The combination serdexmethylphenidate/dexmethylphenidate (Azstarys) was approved by the US Food and Drug Administration (FDA) in March 2021, for the treatment of ADHD in people six years of age and older. Co-formulation of serdexmethylphenidate with dexmethylphenidate allows for a more rapid onset of action while still retaining up to 13 hours of therapeutic efficacy.

== Pharmacology ==
Serdexmethylphenidate has mean terminal plasma elimination half-life of 5.7 hours. Less than 3% of the drug is measurable in circulation intact following oral administration. When administered alone, serdexmethylphenidate produces a dexmethylphenidate t_{max} of 8 hours. It is believed that serdexmethylphenidate is metabolized to dexmethylphenidate primarily in the lower gastrointestinal tract.
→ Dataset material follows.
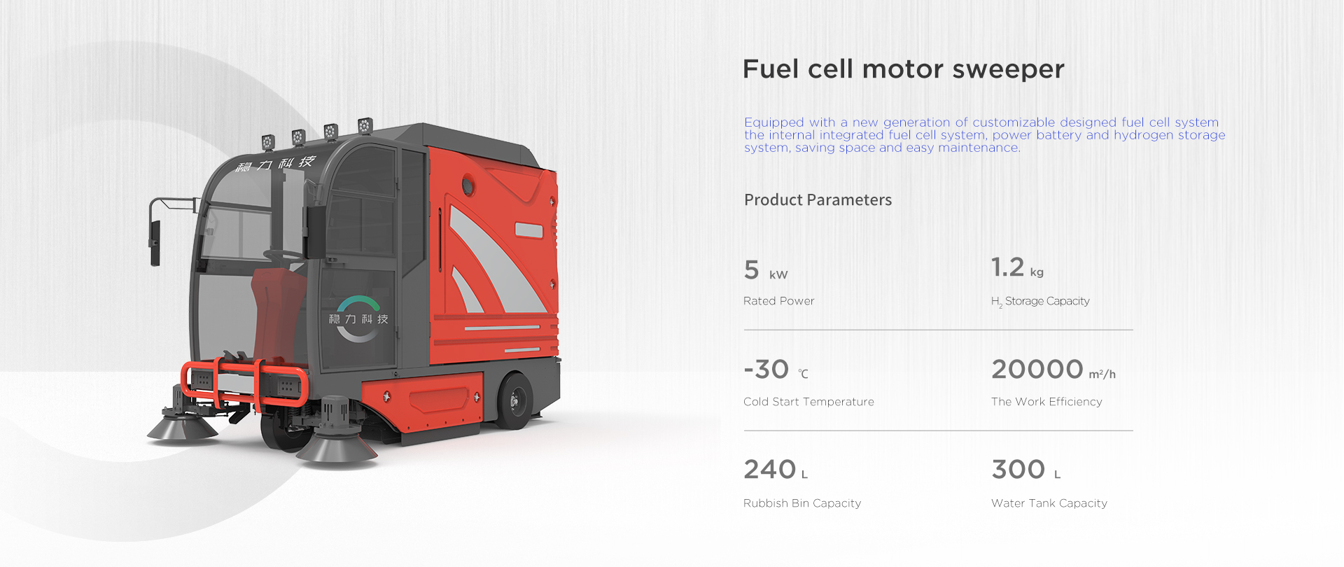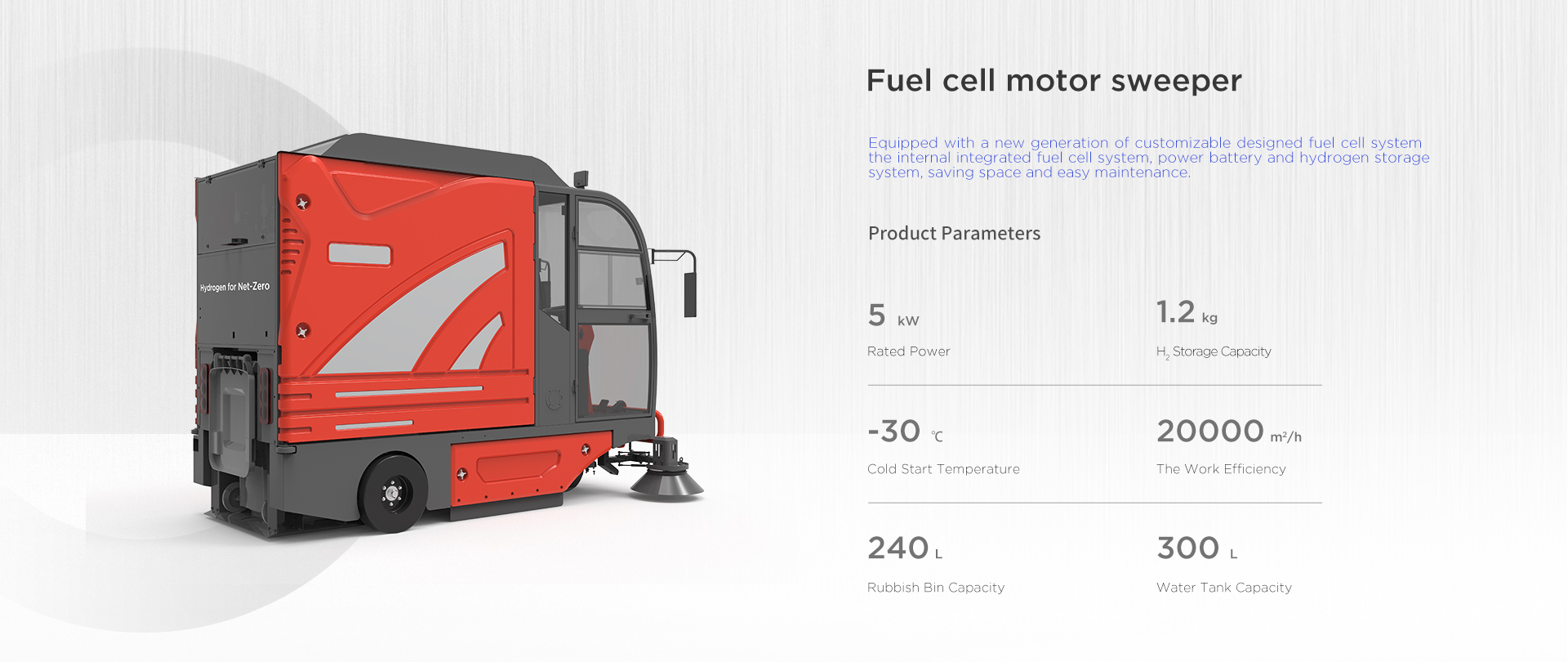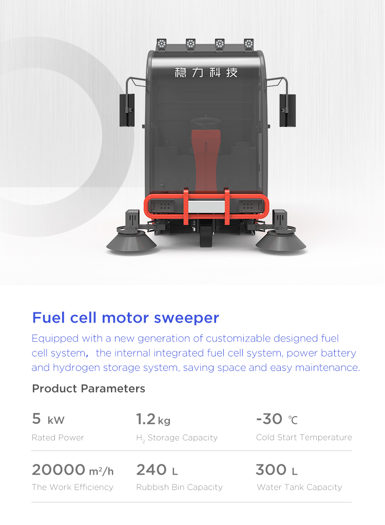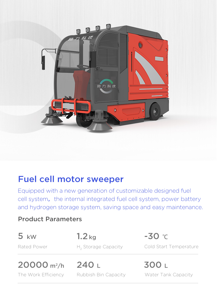 The new generation fuel cell system of sweeper can be customized developed and designed. It integrates the fuel cell system, power battery and hydrogen storage system, saving space and easy maintenance. Refilling hydrogen in 3 minutes, working for 6 hours, low noise and zero emission.

Enzymes involved in this conversion have yet to be elucidated.

== Society and culture ==
=== Abuse potential ===
The abuse potential of serdexmethylphenidate has been evaluated in clinical studies. Administration of serdexmethylphenidate via common routes of administration used during the abuse of psychostimulants such as insufflation and intravenous injection resulted in significantly reduced systemic exposure to active dexmethylphenidate and thus markedly decreased pharmacodynamic effects when compared to unmodified dexmethylphenidate.

Following an Eight Factor Analysis by the FDA Controlled Substance Staff (CSS), the U.S. Department of Health and Human Services (HHS) provided a scheduling recommendation to the Drug Enforcement Administration (DEA) to control serdexmethylphenidate and its salts in Schedule IV of the Controlled Substances Act (CSA). Based on this recommendation and its own review, the DEA concluded that serdexmethylphenidate met the criteria for placement in schedule IV of the CSA.

== Research ==
Due to the delayed onset and prolonged duration of effects following oral administration of serdexmethylphenidate, several dosage forms containing serdexmethylphenidate are under investigation for use as long-acting psychostimulant in the treatment of various CNS disorders, substance use disorder (SUD), and sleep disorders. Under the developmental codename KP484, serdexmethylphenidate is being investigated as part of a potential "super-extended duration" psychostimulant, with therapeutic efficacy lasting up to 16 hours following oral administration.

In January 2021, the FDA granted approval for clinical trials investigating serdexmethylphenidate (as KP879) for the treatment for stimulant use disorder.